ABOUT THIS TASK
In the material below, find the line with "Součástí balení je" and the line with "- Brakemeier, S.;". Output exactly those two lines and all lines between them, leaving out pictures.

[PROVIDED DATA — start]

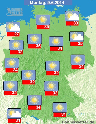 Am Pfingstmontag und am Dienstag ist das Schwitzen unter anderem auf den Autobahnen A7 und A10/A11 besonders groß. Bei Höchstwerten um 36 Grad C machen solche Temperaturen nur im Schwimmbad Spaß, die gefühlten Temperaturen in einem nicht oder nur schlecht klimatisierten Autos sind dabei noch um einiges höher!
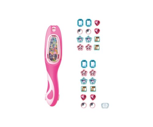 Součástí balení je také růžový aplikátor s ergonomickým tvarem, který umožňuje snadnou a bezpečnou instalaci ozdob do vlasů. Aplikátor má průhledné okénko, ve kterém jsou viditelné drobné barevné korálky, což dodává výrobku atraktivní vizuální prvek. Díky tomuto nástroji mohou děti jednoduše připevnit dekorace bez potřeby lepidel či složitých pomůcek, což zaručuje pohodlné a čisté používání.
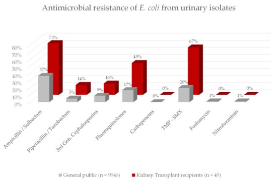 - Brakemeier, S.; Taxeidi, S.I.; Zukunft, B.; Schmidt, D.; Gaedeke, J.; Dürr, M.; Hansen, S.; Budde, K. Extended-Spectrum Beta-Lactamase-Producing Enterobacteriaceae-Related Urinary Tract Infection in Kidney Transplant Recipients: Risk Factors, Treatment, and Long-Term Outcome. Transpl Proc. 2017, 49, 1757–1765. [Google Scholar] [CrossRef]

[PROVIDED DATA — finish]
[PROVIDED DATA — start]

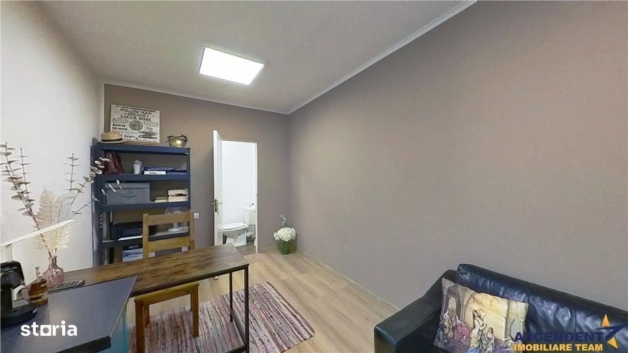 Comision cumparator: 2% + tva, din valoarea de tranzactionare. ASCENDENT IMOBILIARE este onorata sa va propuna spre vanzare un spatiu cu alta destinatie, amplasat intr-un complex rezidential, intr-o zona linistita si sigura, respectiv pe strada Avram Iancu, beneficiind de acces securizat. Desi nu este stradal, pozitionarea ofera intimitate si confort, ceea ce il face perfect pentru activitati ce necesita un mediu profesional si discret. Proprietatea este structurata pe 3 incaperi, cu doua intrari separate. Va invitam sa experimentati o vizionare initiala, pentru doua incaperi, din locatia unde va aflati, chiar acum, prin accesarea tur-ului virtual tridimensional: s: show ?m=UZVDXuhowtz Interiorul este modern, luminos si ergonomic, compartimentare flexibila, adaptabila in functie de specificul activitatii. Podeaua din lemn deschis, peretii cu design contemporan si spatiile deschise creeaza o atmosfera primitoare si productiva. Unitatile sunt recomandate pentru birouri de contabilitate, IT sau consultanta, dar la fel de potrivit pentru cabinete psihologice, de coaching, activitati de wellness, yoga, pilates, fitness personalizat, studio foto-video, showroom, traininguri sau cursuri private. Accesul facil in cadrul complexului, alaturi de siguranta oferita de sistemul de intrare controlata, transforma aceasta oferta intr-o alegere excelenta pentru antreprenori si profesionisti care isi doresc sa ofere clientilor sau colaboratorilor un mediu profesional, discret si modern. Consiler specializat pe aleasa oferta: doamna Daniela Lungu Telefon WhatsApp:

[PROVIDED DATA — finish]
[PROVIDED DATA — start]

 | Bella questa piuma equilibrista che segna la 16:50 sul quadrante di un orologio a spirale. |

[PROVIDED DATA — finish]

EXERCISE ANSWER
 Součástí balení je také růžový aplikátor s ergonomickým tvarem, který umožňuje snadnou a bezpečnou instalaci ozdob do vlasů. Aplikátor má průhledné okénko, ve kterém jsou viditelné drobné barevné korálky, což dodává výrobku atraktivní vizuální prvek. Díky tomuto nástroji mohou děti jednoduše připevnit dekorace bez potřeby lepidel či složitých pomůcek, což zaručuje pohodlné a čisté používání.
 - Brakemeier, S.; Taxeidi, S.I.; Zukunft, B.; Schmidt, D.; Gaedeke, J.; Dürr, M.; Hansen, S.; Budde, K. Extended-Spectrum Beta-Lactamase-Producing Enterobacteriaceae-Related Urinary Tract Infection in Kidney Transplant Recipients: Risk Factors, Treatment, and Long-Term Outcome. Transpl Proc. 2017, 49, 1757–1765. [Google Scholar] [CrossRef]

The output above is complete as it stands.